You may be thinking, “But it wasn’t the earthquake that caused plant failure, it was the tsunami!” You are a clever soul. Nuclear power plants are designed to shut down in the event of an emergency, and Fukushima did. However the fuel in a nuclear reactor does not stop emitting radiation after a reactor is shut down. They need coolant to prevent a chain reaction which can result in great damage.
Cooling Nuclear Plants
This coolant is usually water, which is why nuclear plants are usually near a major water source (ocean, lake, river.) The coolant needs to circulate through the fuel, and it does so through electric-powered pumps. Should electricity fail, the pumps stop working.
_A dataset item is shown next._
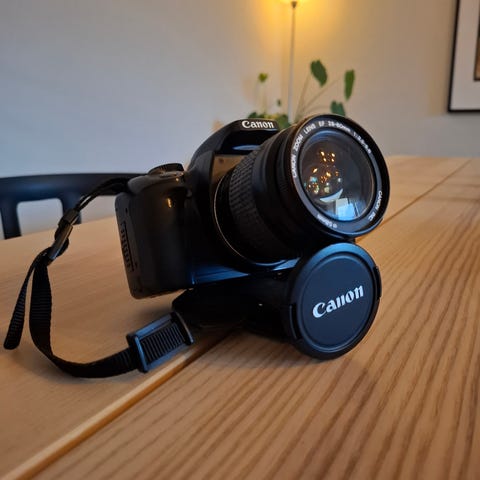 Canon kamerahus, med kameraväska, batteri och laddare. Svart färg, lämplig för fotografering i olika miljöer. Extra batterifacket dock uran batterier, fungerar med AA batterier och med 2 extra orginalbatterier från Canon. Normaloptiken följer med men fungerar inte då den rätt var det är hänger sig. Kamerahuset fungerar felfritt

Of course, power plants have backup systems for this, and so did Fukushima. When the severe earthquake interrupted power service, backup generators kicked into operation. They would have been sufficient to keep coolant flowing. But the tsunami which followed, ruined most of these backup generators.
The plant had a seawall, which was at the legal height mandated by Japanese regulatory agencies. And the tsunami completely overran the wall. The power company was eventually found liable for insufficient emergency protocols. However, a tsunami wave higher than ever seen before can’t be predicted, right?
Wrong.
Yanosuke Hirai
North of Fukushima (closer to the quake’s epicenter) was the Oanagawa nuclear plant, operated by a different power company. It faced a similar tsunami wave; its sea walls held, and the plant was not dangerously harmed. In fact, several nearby residents whose homes had been destroyed by the tsunami stayed at the plant site as a refugee center.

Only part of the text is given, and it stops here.